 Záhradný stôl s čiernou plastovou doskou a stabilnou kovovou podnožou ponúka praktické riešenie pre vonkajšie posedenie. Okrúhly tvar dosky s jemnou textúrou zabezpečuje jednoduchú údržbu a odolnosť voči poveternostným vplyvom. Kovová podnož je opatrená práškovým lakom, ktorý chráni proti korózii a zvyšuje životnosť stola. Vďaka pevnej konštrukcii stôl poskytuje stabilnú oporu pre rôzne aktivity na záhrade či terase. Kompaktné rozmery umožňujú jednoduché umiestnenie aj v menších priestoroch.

• • • • • • •

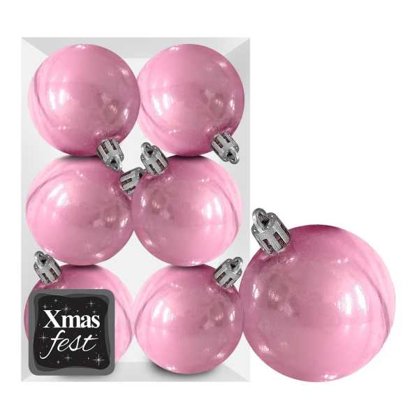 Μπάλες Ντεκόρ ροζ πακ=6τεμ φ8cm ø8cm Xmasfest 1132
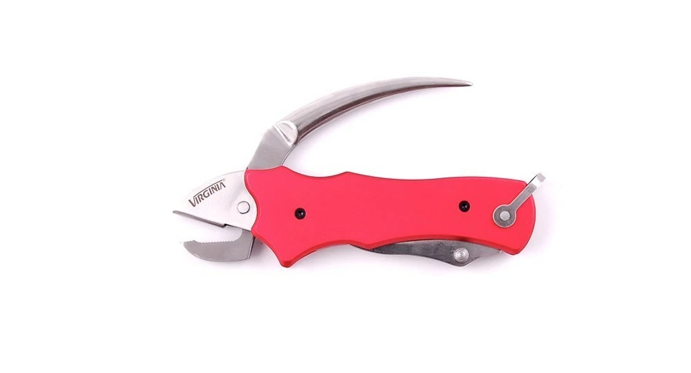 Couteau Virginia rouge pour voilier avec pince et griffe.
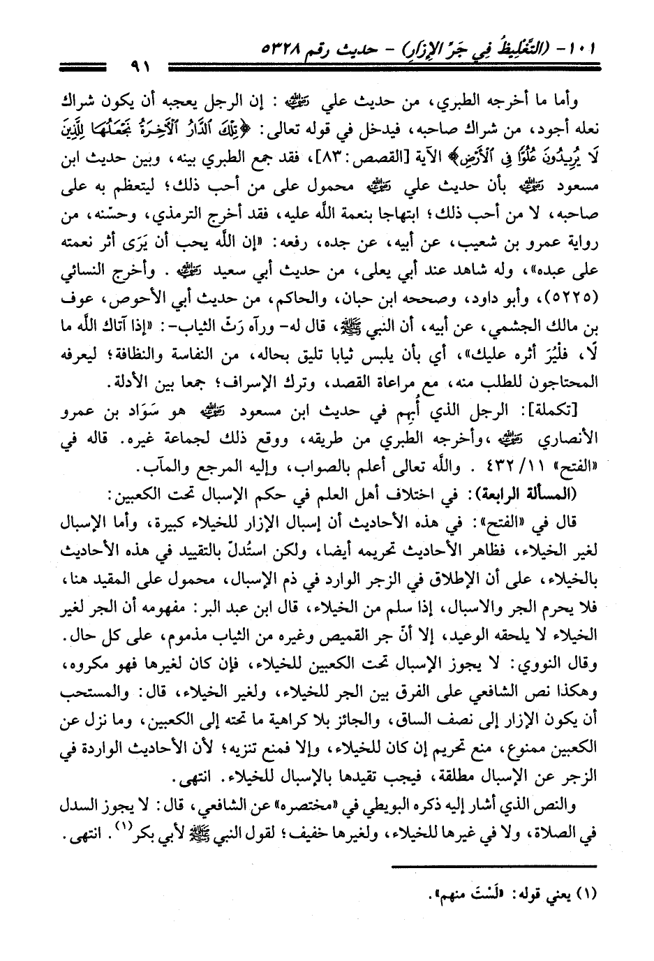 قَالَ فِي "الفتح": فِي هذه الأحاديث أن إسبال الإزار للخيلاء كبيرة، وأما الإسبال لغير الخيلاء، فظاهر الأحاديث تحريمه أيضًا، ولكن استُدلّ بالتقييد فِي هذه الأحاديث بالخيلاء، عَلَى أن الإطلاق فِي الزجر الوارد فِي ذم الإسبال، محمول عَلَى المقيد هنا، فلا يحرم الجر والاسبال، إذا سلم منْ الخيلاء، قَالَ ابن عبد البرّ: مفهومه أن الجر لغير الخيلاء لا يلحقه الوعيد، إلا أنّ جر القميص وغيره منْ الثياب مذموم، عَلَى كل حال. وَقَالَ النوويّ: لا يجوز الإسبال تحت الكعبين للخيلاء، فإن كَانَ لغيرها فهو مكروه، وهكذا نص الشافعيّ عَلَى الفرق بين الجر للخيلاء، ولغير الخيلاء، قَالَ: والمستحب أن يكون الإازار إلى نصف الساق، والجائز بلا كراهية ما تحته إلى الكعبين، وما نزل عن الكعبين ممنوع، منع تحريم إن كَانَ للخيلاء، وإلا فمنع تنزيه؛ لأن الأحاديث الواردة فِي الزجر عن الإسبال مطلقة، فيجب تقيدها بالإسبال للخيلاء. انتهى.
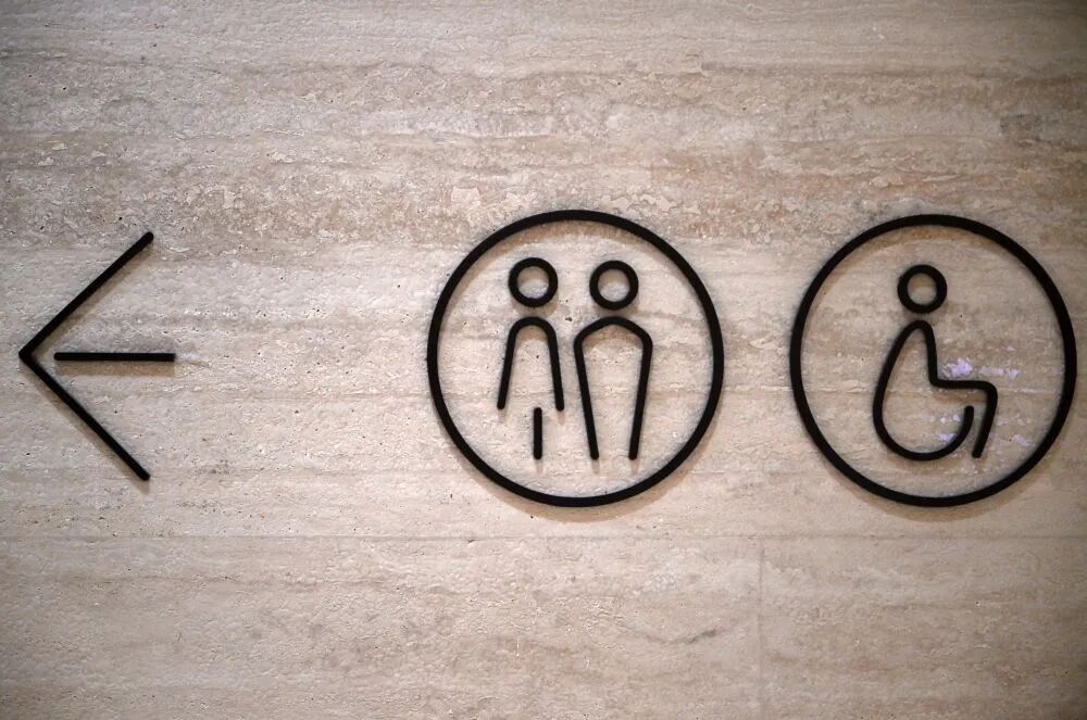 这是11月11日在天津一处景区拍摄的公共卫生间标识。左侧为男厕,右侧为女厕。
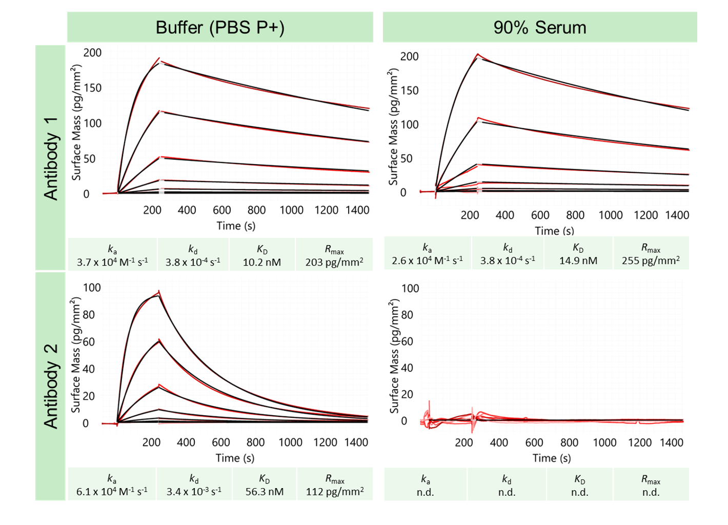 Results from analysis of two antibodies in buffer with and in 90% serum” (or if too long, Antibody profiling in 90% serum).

• • • • • • •

— What you need to do —
Copy only the lines above from the one containing "这是11月11日在天津一处景区拍摄的公共卫生间标识。左侧为男厕,右侧为女厕。" through the one containing "Results from analysis", both included. Leave out the pictures.

— Result for this task —
 这是11月11日在天津一处景区拍摄的公共卫生间标识。左侧为男厕,右侧为女厕。
 Results from analysis of two antibodies in buffer with and in 90% serum” (or if too long, Antibody profiling in 90% serum).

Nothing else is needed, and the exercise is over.